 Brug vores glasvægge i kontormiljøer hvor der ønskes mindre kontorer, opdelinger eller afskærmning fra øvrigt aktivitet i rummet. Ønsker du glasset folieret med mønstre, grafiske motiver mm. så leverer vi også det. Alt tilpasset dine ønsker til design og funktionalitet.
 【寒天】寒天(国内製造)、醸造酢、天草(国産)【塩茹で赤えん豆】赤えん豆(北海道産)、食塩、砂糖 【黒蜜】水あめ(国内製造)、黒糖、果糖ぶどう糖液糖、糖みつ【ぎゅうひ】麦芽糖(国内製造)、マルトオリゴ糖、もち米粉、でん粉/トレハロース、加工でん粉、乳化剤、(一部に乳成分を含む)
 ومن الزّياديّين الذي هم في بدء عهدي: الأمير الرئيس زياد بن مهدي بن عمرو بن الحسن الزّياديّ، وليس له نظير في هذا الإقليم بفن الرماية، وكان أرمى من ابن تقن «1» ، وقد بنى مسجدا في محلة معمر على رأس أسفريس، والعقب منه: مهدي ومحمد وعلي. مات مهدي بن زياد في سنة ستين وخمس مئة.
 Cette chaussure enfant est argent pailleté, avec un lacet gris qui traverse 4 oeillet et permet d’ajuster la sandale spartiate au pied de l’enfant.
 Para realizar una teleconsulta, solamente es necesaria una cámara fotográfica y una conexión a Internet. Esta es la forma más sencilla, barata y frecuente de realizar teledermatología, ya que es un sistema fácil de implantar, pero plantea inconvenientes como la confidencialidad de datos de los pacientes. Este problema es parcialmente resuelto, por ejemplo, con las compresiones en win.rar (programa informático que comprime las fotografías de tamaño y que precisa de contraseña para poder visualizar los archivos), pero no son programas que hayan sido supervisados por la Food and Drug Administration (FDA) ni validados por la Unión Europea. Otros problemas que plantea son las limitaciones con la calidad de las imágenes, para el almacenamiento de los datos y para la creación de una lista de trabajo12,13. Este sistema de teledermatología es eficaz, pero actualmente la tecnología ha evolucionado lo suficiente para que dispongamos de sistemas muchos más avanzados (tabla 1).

◇ ◇ ◇ ◇ ◇ ◇ ◇

Could you return the data above exactly as it stands?

## Response to this exercise
 Brug vores glasvægge i kontormiljøer hvor der ønskes mindre kontorer, opdelinger eller afskærmning fra øvrigt aktivitet i rummet. Ønsker du glasset folieret med mønstre, grafiske motiver mm. så leverer vi også det. Alt tilpasset dine ønsker til design og funktionalitet.
 【寒天】寒天(国内製造)、醸造酢、天草(国産)【塩茹で赤えん豆】赤えん豆(北海道産)、食塩、砂糖 【黒蜜】水あめ(国内製造)、黒糖、果糖ぶどう糖液糖、糖みつ【ぎゅうひ】麦芽糖(国内製造)、マルトオリゴ糖、もち米粉、でん粉/トレハロース、加工でん粉、乳化剤、(一部に乳成分を含む)
 ومن الزّياديّين الذي هم في بدء عهدي: الأمير الرئيس زياد بن مهدي بن عمرو بن الحسن الزّياديّ، وليس له نظير في هذا الإقليم بفن الرماية، وكان أرمى من ابن تقن «1» ، وقد بنى مسجدا في محلة معمر على رأس أسفريس، والعقب منه: مهدي ومحمد وعلي. مات مهدي بن زياد في سنة ستين وخمس مئة.
 Cette chaussure enfant est argent pailleté, avec un lacet gris qui traverse 4 oeillet et permet d’ajuster la sandale spartiate au pied de l’enfant.
 Para realizar una teleconsulta, solamente es necesaria una cámara fotográfica y una conexión a Internet. Esta es la forma más sencilla, barata y frecuente de realizar teledermatología, ya que es un sistema fácil de implantar, pero plantea inconvenientes como la confidencialidad de datos de los pacientes. Este problema es parcialmente resuelto, por ejemplo, con las compresiones en win.rar (programa informático que comprime las fotografías de tamaño y que precisa de contraseña para poder visualizar los archivos), pero no son programas que hayan sido supervisados por la Food and Drug Administration (FDA) ni validados por la Unión Europea. Otros problemas que plantea son las limitaciones con la calidad de las imágenes, para el almacenamiento de los datos y para la creación de una lista de trabajo12,13. Este sistema de teledermatología es eficaz, pero actualmente la tecnología ha evolucionado lo suficiente para que dispongamos de sistemas muchos más avanzados (tabla 1).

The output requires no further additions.